An evidence-anchor lint. Any strong claim ("this is fixed," "tests are green," "the root cause is...") has to carry proof in the same breath: a commit hash, a file and line, a command actually run. No proof, blocked. Hedging is fine and passes; "likely" and "appears to" are honest about their own uncertainty.
A contradiction catcher. If an agent says "proven" while the file it cites says "failed" or "0/4," it gets stopped and shown its own contradiction.
An uncertainty guard. An agent cannot end a turn hand-waving. And our favorite: when it claims a blocker, it gets reminded that essentially every credential and tool is already present, that roughly ninety-five percent of claimed blockers are fake, and that the right move is to go find the thing and do it.
A "just act" guard. An agent cannot close by asking a question it could answer itself ("want me to...?", "should I...?"), with a careful allowlist so it still asks a human before anything irreversible or outward-facing: publishing, emailing customers, spending money.

Worth a wink: these hooks fire on us constantly, and they judge everyone the same. This post was written under them too.

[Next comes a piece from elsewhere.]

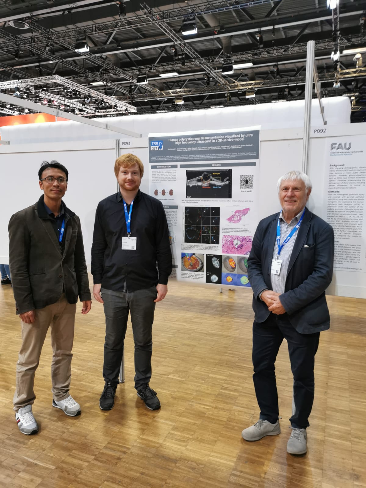 Bild (THD): Jan Schüler (Mitte) mit seinem Betreuer Prof. Dr. med. Thiha Aung (rechts) und Prof. Dr. Kurtz beim Kongress in Berlin.

One distinction matters. All of this suspicion is pointed at the building agents, which take on huge, open-ended work where a single wrong turn compounds for hours. Viola herself is a different animal. She lives small, in your kitchen, your office, your bedroom, an always-on assistant you actually talk to, not a fleet grinding through a codebase. The tighter the scope, the more trust it earns, and we would not want Viola working relentlessly the way our builders do. The guardrails are for the workshop, not the home.

The horizon

This is how we intend to keep building: more capability, shipped faster, with guardrails that make moving fast the safe way to move. The fleet does the work, the oracles keep it real, and the hooks keep everyone, human and agent alike, honest about what is actually done.